**Data provided**
►

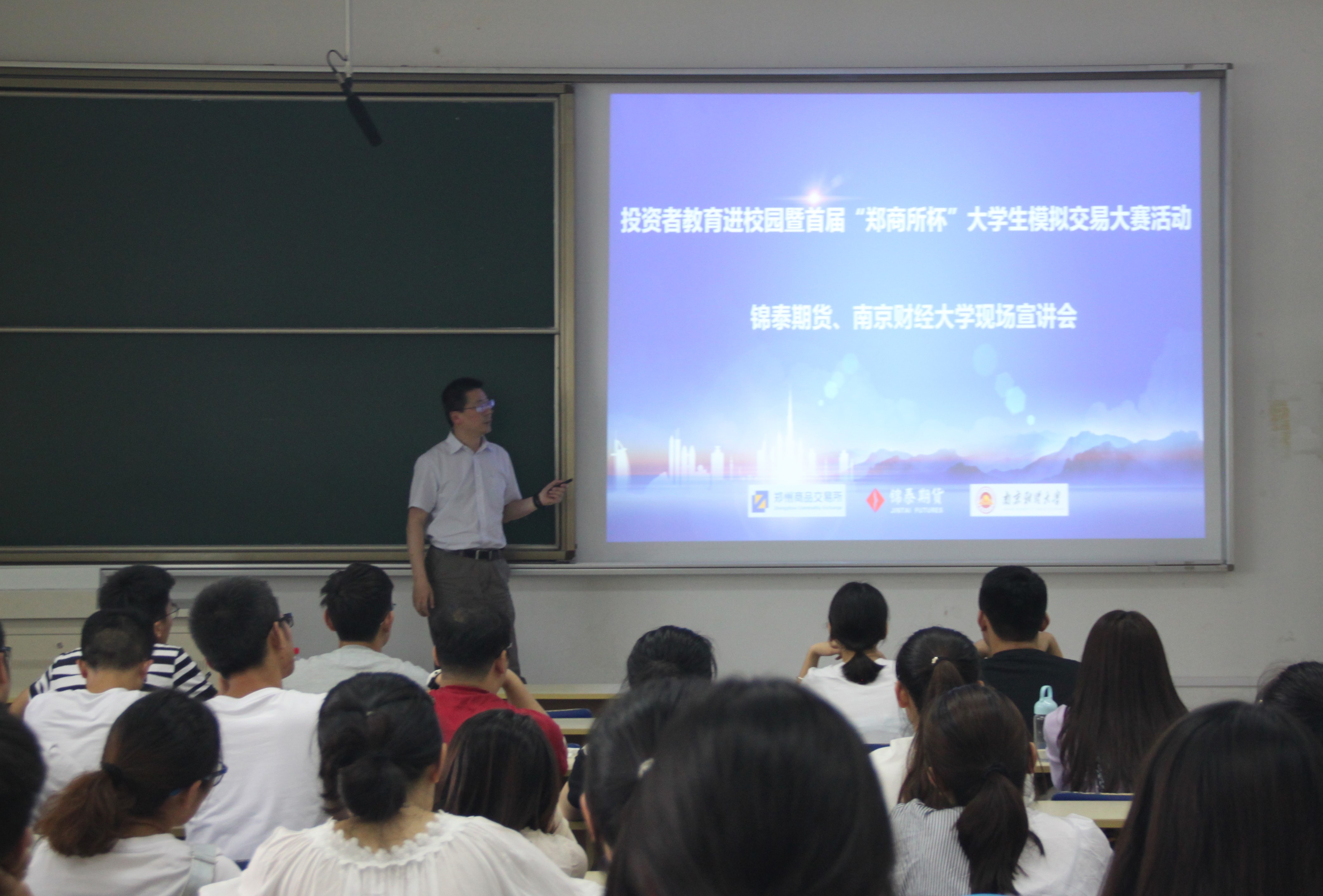 2018年6月15日16时,投资者教育进校园暨首届“郑商所杯”大学生模拟交易大赛南京财经大学讲座在德经楼113教室成功举办。非凡娱乐官网-电子娱乐平台游戏-非凡娱乐官网 部分学生参与了本次讲座,锦泰期货有限公司的谢景炎老师和俞水祥老师担任本次讲座的主讲人。
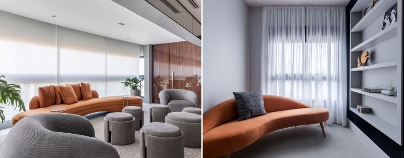 ‘Parente’ do terracota, só de bater o olho o sofá laranja entrega seu vigor. E não é para menos: a cor traz jovialidade e o entusiasmo que estimula as pessoas – principalmente quando está presente na decoração de interiores. Para usá-la com êxito, a profissional indica a combinação com bases neutras que propiciem harmonia visual.
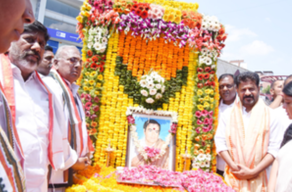 Revenue Minister Ponguleti Srinivas Reddy paid tributes to Rajiv Gandhi by garlanding his statue in Khammam.
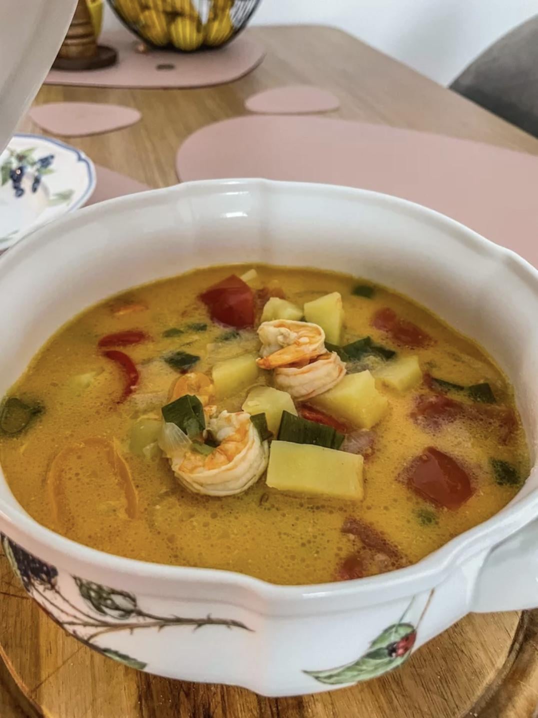 Zwiebel in Halbringe, Kartoffel in kleine Würfel schneiden und in den Topf geben. Kokosmilch, Wasser und Garnelen hinzufügen und 15 Min. kochen.

◄

**What needs to be done**
Nothing but the lines from the first line of the listing above to the line containing "propiciem harmonia visual." should appear in the answer, each one exact and with no pictures.

**Reply**
 2018年6月15日16时,投资者教育进校园暨首届“郑商所杯”大学生模拟交易大赛南京财经大学讲座在德经楼113教室成功举办。非凡娱乐官网-电子娱乐平台游戏-非凡娱乐官网 部分学生参与了本次讲座,锦泰期货有限公司的谢景炎老师和俞水祥老师担任本次讲座的主讲人。
 ‘Parente’ do terracota, só de bater o olho o sofá laranja entrega seu vigor. E não é para menos: a cor traz jovialidade e o entusiasmo que estimula as pessoas – principalmente quando está presente na decoração de interiores. Para usá-la com êxito, a profissional indica a combinação com bases neutras que propiciem harmonia visual.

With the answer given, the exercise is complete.